Background/Aim: Automated analysis of plain radiographs for prospective fracture (HF) risk prediction using artificial intelligence (AI) methods could expand availability of diagnostic tests, automate, and potentially improve the overall identification of patients at risk.
AI-driven computer vision, first applied in 1958, is by far not a new technique. Enduring several “AI winters”, key contributions to the field eventually let to breakthroughs, in particular of the deep convolutional neural networks (CNNs). Most notably the jump in image classification accuracy of AlexNet in the 2012 ImageNet challenge triggered the so-called “AI spring”.
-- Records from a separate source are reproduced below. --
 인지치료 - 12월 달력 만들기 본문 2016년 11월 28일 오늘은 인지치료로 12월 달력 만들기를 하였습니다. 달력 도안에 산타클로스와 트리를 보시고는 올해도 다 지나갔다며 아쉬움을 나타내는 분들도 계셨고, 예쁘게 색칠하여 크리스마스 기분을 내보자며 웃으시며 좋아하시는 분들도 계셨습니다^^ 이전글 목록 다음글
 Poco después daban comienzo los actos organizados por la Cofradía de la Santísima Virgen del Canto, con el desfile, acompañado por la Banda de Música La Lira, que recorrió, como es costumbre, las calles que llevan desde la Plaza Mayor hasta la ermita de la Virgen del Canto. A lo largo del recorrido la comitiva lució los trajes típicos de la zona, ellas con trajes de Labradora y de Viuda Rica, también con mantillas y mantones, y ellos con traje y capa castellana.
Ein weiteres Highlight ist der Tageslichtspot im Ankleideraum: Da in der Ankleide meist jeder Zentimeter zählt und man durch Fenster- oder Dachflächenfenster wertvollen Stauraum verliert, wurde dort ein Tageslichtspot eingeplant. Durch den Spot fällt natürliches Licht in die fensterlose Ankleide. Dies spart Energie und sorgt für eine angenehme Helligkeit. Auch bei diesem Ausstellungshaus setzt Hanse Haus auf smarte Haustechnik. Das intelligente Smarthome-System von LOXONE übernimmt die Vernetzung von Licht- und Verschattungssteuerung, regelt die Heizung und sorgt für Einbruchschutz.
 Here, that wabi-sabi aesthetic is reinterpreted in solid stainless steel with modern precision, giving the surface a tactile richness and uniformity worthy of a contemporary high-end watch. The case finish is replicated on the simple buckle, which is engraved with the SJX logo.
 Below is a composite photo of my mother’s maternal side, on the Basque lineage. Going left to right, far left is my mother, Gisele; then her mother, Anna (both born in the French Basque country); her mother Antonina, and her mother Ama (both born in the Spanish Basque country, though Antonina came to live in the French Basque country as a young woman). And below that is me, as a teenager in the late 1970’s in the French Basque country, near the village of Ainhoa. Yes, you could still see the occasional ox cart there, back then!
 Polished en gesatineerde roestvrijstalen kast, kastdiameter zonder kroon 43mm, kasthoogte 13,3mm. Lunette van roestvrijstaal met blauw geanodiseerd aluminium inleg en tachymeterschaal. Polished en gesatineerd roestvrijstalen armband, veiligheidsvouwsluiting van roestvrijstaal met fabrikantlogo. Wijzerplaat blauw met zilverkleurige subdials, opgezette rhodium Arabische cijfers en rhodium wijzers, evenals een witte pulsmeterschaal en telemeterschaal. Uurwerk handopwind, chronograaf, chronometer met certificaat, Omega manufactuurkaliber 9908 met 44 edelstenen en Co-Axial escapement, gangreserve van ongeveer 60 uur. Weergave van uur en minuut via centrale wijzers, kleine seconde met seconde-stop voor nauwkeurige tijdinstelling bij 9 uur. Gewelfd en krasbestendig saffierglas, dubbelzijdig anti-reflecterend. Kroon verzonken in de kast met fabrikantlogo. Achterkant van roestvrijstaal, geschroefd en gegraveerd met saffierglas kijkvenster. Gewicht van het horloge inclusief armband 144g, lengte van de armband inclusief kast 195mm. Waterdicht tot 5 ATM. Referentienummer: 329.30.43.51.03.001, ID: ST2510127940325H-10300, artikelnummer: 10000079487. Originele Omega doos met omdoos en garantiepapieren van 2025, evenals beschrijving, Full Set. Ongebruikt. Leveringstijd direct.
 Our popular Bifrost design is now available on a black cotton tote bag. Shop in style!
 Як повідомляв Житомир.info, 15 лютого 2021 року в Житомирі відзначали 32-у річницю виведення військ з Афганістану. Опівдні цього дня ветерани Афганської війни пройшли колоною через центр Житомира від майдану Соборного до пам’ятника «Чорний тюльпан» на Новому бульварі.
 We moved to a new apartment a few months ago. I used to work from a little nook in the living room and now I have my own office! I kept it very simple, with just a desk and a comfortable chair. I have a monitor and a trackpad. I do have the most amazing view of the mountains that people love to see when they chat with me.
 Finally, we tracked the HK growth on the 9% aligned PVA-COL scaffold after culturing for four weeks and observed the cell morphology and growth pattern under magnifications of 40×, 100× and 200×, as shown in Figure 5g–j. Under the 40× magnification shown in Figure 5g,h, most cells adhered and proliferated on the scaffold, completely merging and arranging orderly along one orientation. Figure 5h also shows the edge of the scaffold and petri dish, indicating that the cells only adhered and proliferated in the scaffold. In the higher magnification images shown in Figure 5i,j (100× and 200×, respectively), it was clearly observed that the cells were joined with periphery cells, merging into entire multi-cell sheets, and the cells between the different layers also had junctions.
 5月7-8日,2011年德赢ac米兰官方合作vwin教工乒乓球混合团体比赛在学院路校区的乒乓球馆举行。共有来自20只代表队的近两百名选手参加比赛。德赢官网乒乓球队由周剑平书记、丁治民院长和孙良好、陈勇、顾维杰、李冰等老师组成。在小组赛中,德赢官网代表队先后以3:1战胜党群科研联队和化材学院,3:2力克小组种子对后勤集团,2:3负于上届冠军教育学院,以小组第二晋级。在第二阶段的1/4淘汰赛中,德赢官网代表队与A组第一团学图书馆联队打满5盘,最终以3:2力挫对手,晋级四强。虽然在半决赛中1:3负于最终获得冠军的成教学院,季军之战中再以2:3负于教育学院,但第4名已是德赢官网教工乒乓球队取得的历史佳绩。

At the Intelligent Imaging Lab (I2Lab) in Kiel, different AI-related approaches are investigated, both for diagnostic and prospective outcomes. Besides image classification tasks (e.g. COVID-19, stroke, osteoporosis, fractures or anomalies) on radiographs, computed tomography (CT) and/or magnetic resonance imaging (MRI) data, localization and segmentation tasks for identification, labeling and placement of regions/volumes of interest (ROI/VOI) are also an important and substantial part of the desired automated processing pipeline.
AI approaches require big and good data. At I2Lab, we started one prognostic hip fracture (HF) risk prediction study: “Study of Osteoporotic Fracture” (SOF) - Investigation by Artificial Intelligence” (SOFIA) and will present our findings in relation to other similar prognostic studies. To better access the required big data for future studies, we at I2Lab are keen to cooperate in federated learning studies.
Methods: In SOFIA, we investigate, how these deep CNNs in conjunction with automatic ROI placement based on a key-point-detector CNN (CenterNet) predict hip fracture risk based on digitized pelvic radiographs. We developed and tested three different AI models pre-trained on ImageNet data, whereas two were based on Resnet50 and one on DenseNet121. The femoral neck region (aBMD_FN) from dual X-ray Absorptiometry (DXA) data served as reference standard and Cox proportional hazard models incorporating aBMD_FN or AI based risk estimates without and with age & BMI adjustment were compared for difference in Harrell’s C.
Results: Of a total of 7964 women (age 71.6±5.1 at baseline) preprocessing resulted in a dataset of 6338 women for training and validation of the DCNNs (with 924 incident HF during 14.0±6.3 years of follow-up) and of 1252 women for the test dataset (with 184 incident HF during 15.0±5.7 years of follow-up). aBMD_FN and all of the AI predictors were significantly associated with HF incidence in univariate and in age & BMI adjusted models (all p<0.001, table). Age & BMI adjusted DenseNet based predictors showed significantly better predictive power than age-adjusted aBMD_FN on same subjects (p<0.05).
Conclusion: Automated AI-driven analysis of pelvic radiographs based on a DenseNet121 model predicts HF better than DXA-based aBMD of the femoral neck and shows potential for predictive power better than DXA and thus may enable sites without DXA access to achieve high-quality HF risk predictions.